We now have hard data rather than forecasts on tax revenues for 11 months of this financial year, and as a direct result of the action we took in supporting the economy at a difficult time, tax receipts in December, January and February have been better than expected. More resilient consumers and retailers have meant that VAT receipts are now £3 billion higher, better company profits have led to higher corporation tax receipts, and with more people having stayed in work, income tax revenues are stronger.
These are the results of the deliberate choices we made over the last two years. At the same time, spending-including spending on benefits and tax credits-has been broadly in line with my forecast. As a result, I can tell the House that borrowing this year should now be £11 billion lower, at £167 billion.
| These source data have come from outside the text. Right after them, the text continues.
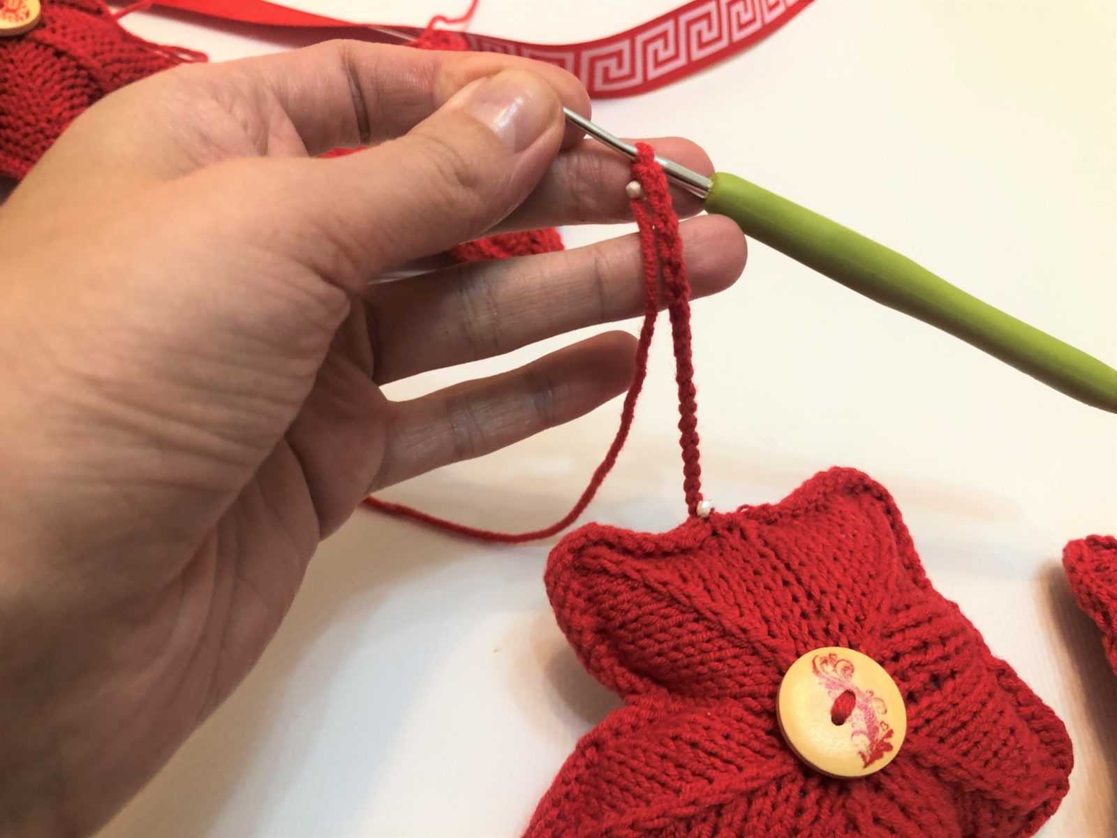 Затем отрезаем кончик, протягиваем оставшиеся петли с помощью крючка и закрепляем его на изнаночной стороне.
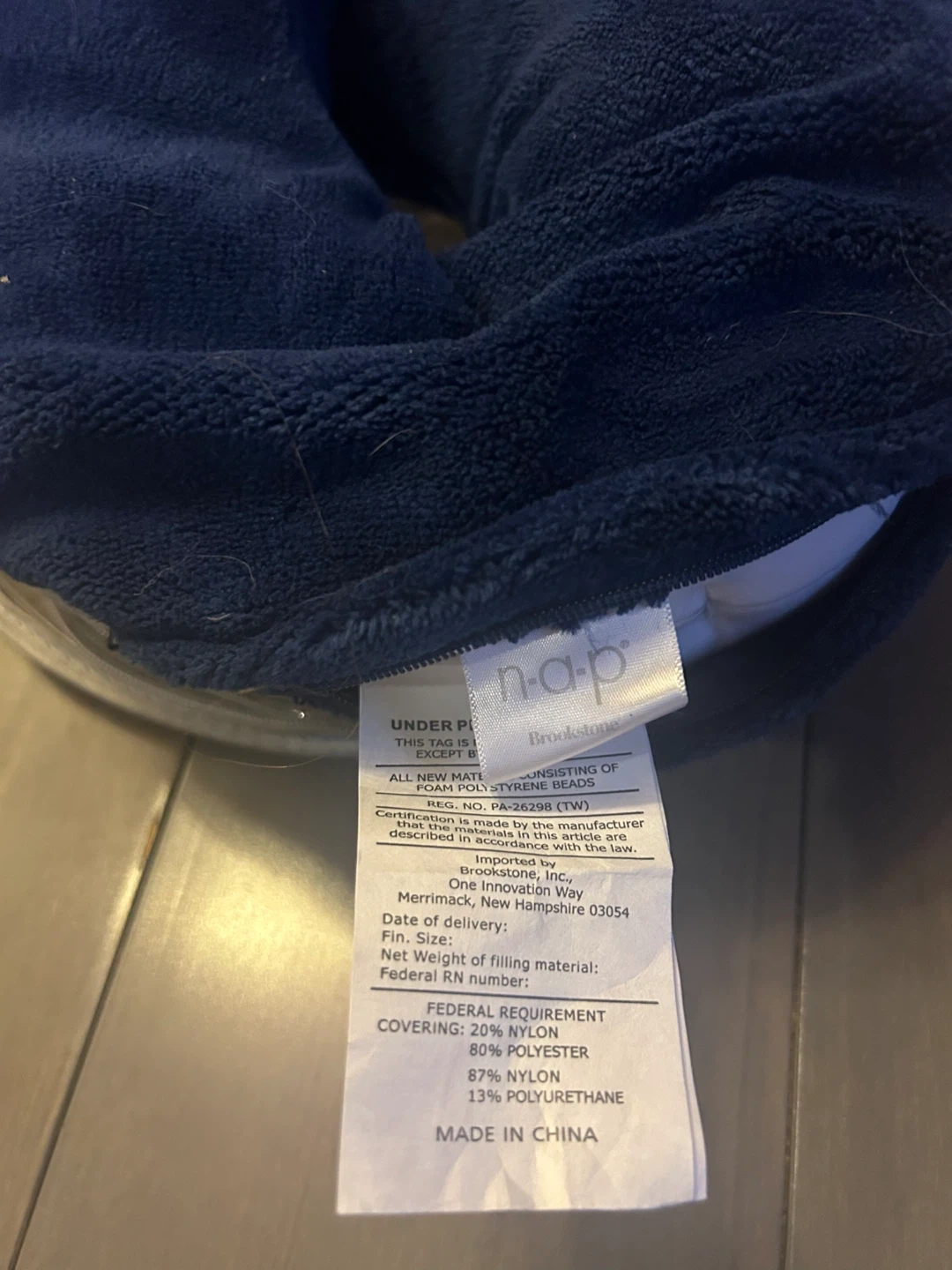 Relax in comfort wherever you go with this Brookstone n-a-p Travel U Pillow, designed to provide neck support during travel. This pillow has a soft, plush feel and is ideal for long trips in cars, trains, or airplanes. It is in good, used condition and ready to accompany you on your next adventure.
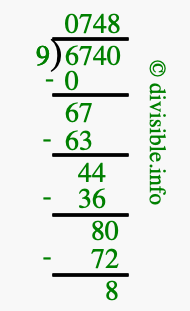 Here we will show you an image that illustrates how to calculate 6740 divided by 9 using long division. We will also give you the answer to 6740 divided by 9 (6740 ÷ 9) as a fraction and as a decimal.

In 2010-11, in part because of one-off factors boosting receipts-such as this year's tax on bank bonuses-borrowing will be £163 billion.
It would not be sensible to assume that this year's surplus in receipts will be maintained in full in the medium term, but with the economy recovering in later years, together with the revenue from tax increases already announced, borrowing will fall to £131 billion in 2011-12, then to £110 billion; in 2013-14 it will be £89 billion; and it will reach £74 billion in 2014-15-£8 billion lower than was forecast in December. This will mean that debt is £100 billion lower by 2013-14 than was expected at the time of last year's Budget.
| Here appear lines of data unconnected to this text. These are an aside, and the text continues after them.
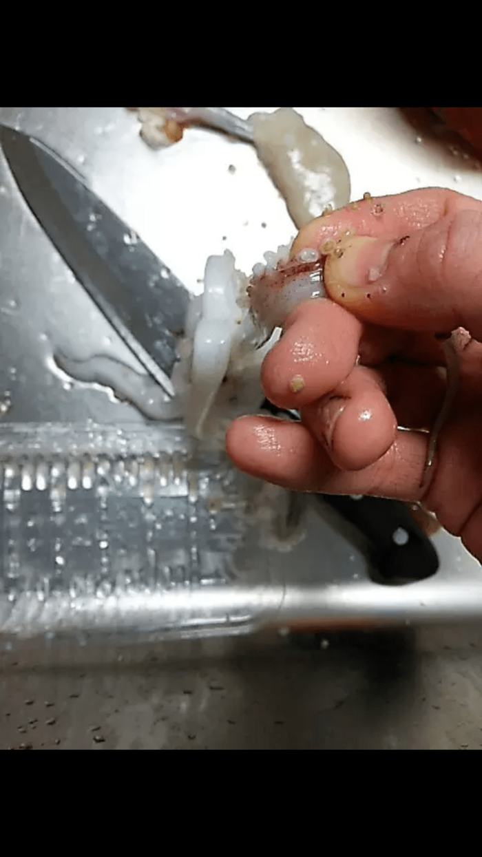 ⑦足の吸盤の中に、かたい殻がついているので、包丁の背の部分で、取る。
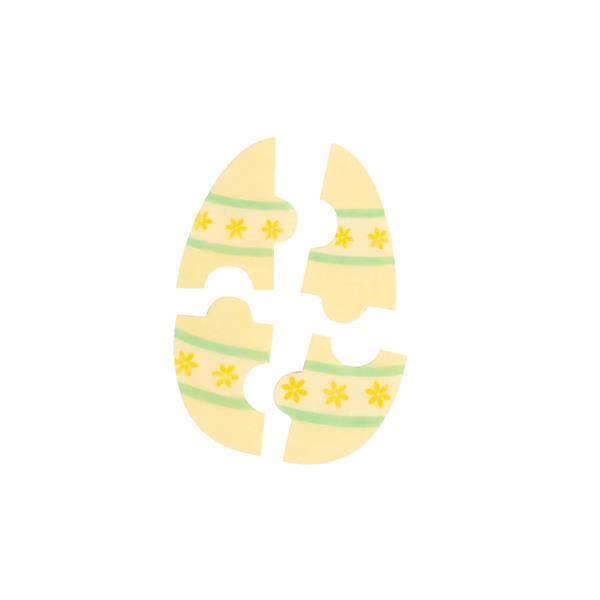 Ten zestaw czekoladowych puzzli, które układają się w kształt jajka przygotowujemy z białej czekolady jakości Top Gourmet, takiej po którą sięgają mistrzowie.
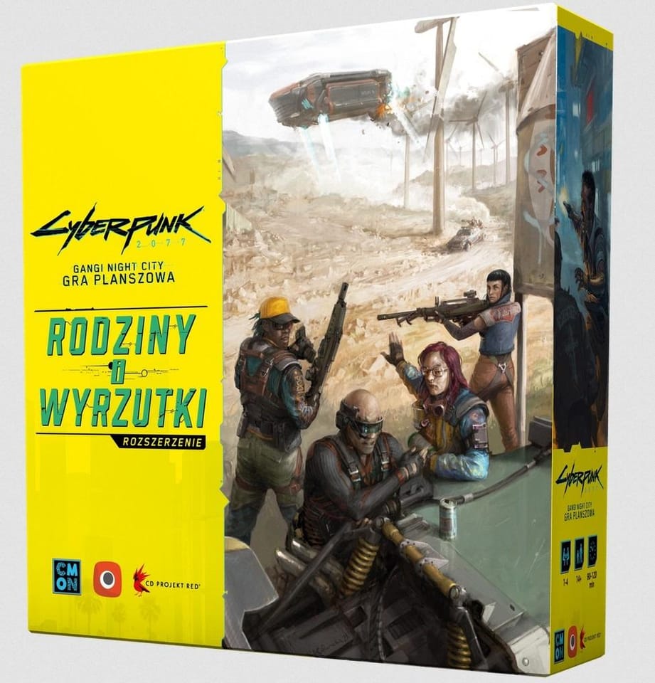 Rodziny i wyrzutki wprowadzają do gry dwa nowe gangi: Aldecaldos i Wraiths wraz z całym dobrodziejstwem inwentarza. Z tym pudłem możesz grać w Cyberpunka także w 5 osób! Poszerz pulę dostępnych gangów, odśwież rozgrywkę za sprawą nowych zdolności, powiększ planszę o jałowe Badlands, dorzuć do puli piątą Opowieść i rzuć na kolana całe Night City!

As a share of the economy, borrowing is forecast at 11.8 per cent. of gross domestic product this year. It will fall to 11.1 per cent. next year, then 8.5 per cent. In 2012-13 it will be 6.8 per cent., then 5.2 per cent., and fall to 4 per cent. in 2014-15. This means a reduction in the deficit from 11.8 per cent. to 5.2 per cent. It will have more than halved over a four-year period.
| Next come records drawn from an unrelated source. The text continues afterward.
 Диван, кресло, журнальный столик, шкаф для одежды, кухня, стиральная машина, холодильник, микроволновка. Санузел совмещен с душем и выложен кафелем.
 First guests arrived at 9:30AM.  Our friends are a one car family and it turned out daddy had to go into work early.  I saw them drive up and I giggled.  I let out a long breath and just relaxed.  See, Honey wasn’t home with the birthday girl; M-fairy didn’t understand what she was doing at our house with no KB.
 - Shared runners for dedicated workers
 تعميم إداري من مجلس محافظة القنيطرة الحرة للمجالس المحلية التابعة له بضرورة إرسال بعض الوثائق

The structural deficit, which takes into account the economic cycle, is estimated to be 8.4 per cent. of GDP this year and to fall to 2.5 per cent. by the end of the period. That is a reduction in the structural deficit of over two thirds, removing the bulk of the structural deficit by the end of the next Parliament. And as I have said before, should the economy perform better than expected, we will be able to do more to reduce the deficit.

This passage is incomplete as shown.